Task objective - Could you retype exactly the lines below between the one holding "Finalmente, este diploma" and the one holding "pants / キャットサンドウォッシュ加工バルーンワイドデニムパンツ【公式ショップ】", inclusive, leaving out any pictures?

Records to use -
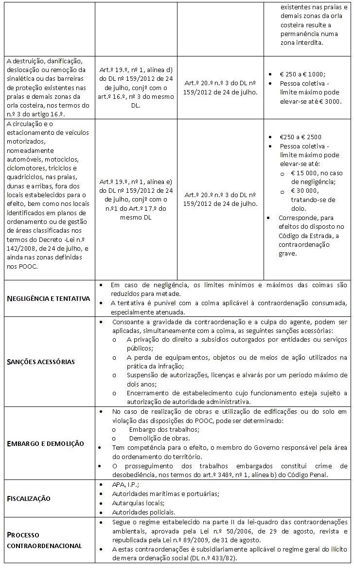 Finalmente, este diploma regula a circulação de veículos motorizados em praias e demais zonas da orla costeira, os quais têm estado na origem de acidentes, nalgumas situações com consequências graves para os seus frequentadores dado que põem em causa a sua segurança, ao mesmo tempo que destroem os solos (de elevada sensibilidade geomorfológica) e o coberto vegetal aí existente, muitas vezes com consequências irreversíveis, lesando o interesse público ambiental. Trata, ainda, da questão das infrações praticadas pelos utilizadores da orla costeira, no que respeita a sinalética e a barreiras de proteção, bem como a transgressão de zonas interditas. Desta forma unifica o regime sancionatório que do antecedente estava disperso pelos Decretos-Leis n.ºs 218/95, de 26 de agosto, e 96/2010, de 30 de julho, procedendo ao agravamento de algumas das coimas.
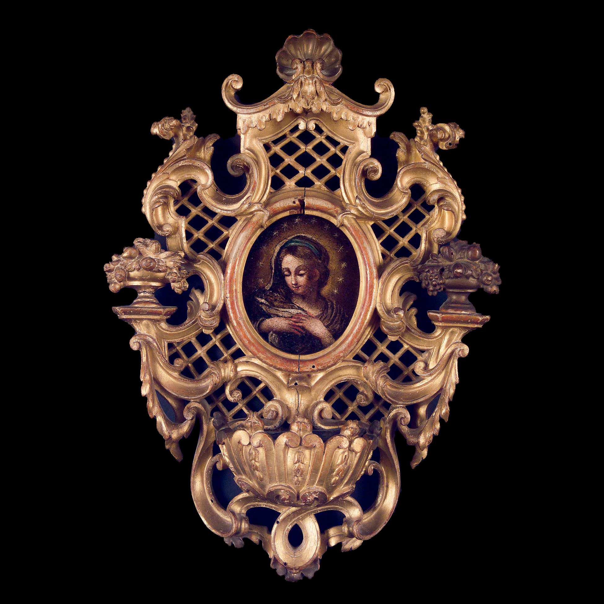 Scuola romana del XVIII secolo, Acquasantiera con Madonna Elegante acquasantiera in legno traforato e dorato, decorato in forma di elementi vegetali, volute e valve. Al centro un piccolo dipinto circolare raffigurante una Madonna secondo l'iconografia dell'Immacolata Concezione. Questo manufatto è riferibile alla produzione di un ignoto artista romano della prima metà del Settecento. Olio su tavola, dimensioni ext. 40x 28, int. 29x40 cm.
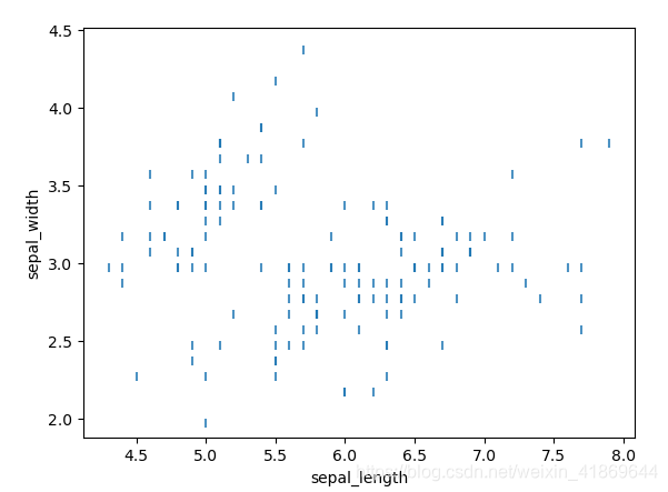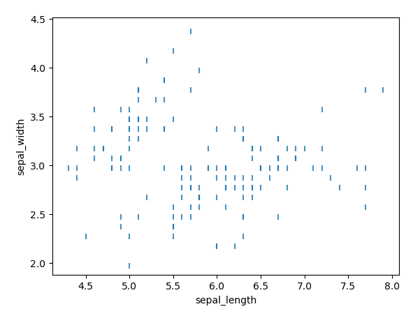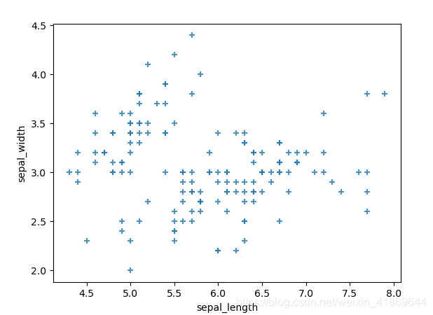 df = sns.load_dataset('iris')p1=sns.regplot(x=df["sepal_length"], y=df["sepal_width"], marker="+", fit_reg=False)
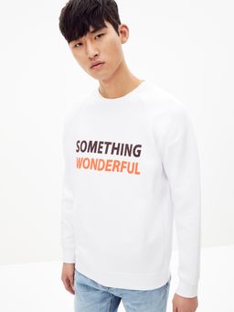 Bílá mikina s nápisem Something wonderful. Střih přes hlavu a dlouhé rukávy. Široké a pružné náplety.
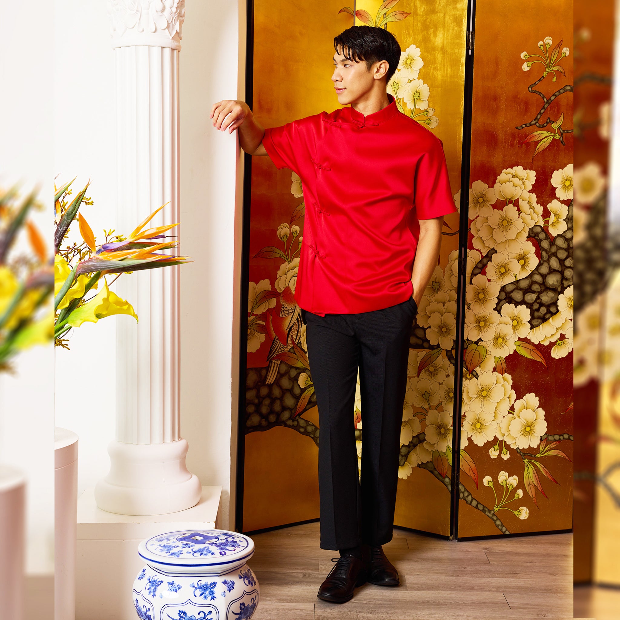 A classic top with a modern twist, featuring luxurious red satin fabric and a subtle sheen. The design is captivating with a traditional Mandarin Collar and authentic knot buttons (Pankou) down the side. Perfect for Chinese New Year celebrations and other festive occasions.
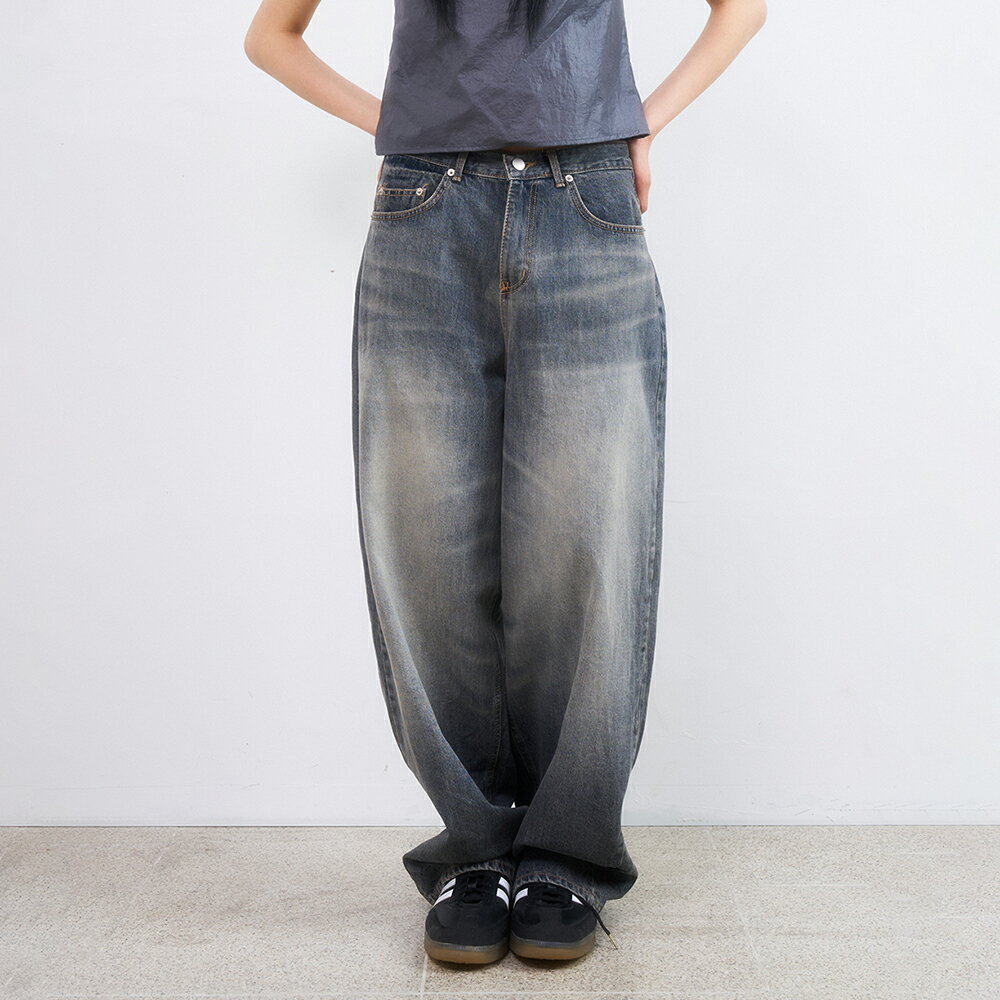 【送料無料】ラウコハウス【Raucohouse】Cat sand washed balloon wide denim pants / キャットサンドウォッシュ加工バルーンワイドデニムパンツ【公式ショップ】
--
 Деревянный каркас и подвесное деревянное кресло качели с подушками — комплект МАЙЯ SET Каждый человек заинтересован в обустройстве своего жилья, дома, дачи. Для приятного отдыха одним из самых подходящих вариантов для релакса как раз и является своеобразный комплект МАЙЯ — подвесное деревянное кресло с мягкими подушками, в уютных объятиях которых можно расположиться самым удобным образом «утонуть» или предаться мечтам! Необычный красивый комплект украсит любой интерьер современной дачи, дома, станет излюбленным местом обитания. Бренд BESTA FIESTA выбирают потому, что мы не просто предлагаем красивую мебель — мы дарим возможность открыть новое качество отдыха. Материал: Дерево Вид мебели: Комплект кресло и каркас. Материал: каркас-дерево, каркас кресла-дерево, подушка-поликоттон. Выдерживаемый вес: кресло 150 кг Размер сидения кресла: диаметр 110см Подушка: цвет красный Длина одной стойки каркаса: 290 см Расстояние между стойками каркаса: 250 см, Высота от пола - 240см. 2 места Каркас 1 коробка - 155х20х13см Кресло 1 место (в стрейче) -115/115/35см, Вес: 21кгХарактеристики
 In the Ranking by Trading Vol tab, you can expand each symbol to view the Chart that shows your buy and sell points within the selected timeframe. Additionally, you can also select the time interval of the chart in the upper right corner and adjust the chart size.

Answer section -
 Finalmente, este diploma regula a circulação de veículos motorizados em praias e demais zonas da orla costeira, os quais têm estado na origem de acidentes, nalgumas situações com consequências graves para os seus frequentadores dado que põem em causa a sua segurança, ao mesmo tempo que destroem os solos (de elevada sensibilidade geomorfológica) e o coberto vegetal aí existente, muitas vezes com consequências irreversíveis, lesando o interesse público ambiental. Trata, ainda, da questão das infrações praticadas pelos utilizadores da orla costeira, no que respeita a sinalética e a barreiras de proteção, bem como a transgressão de zonas interditas. Desta forma unifica o regime sancionatório que do antecedente estava disperso pelos Decretos-Leis n.ºs 218/95, de 26 de agosto, e 96/2010, de 30 de julho, procedendo ao agravamento de algumas das coimas.
 Scuola romana del XVIII secolo, Acquasantiera con Madonna Elegante acquasantiera in legno traforato e dorato, decorato in forma di elementi vegetali, volute e valve. Al centro un piccolo dipinto circolare raffigurante una Madonna secondo l'iconografia dell'Immacolata Concezione. Questo manufatto è riferibile alla produzione di un ignoto artista romano della prima metà del Settecento. Olio su tavola, dimensioni ext. 40x 28, int. 29x40 cm.
 df = sns.load_dataset('iris')p1=sns.regplot(x=df["sepal_length"], y=df["sepal_width"], marker="+", fit_reg=False)
 Bílá mikina s nápisem Something wonderful. Střih přes hlavu a dlouhé rukávy. Široké a pružné náplety.
 A classic top with a modern twist, featuring luxurious red satin fabric and a subtle sheen. The design is captivating with a traditional Mandarin Collar and authentic knot buttons (Pankou) down the side. Perfect for Chinese New Year celebrations and other festive occasions.
 【送料無料】ラウコハウス【Raucohouse】Cat sand washed balloon wide denim pants / キャットサンドウォッシュ加工バルーンワイドデニムパンツ【公式ショップ】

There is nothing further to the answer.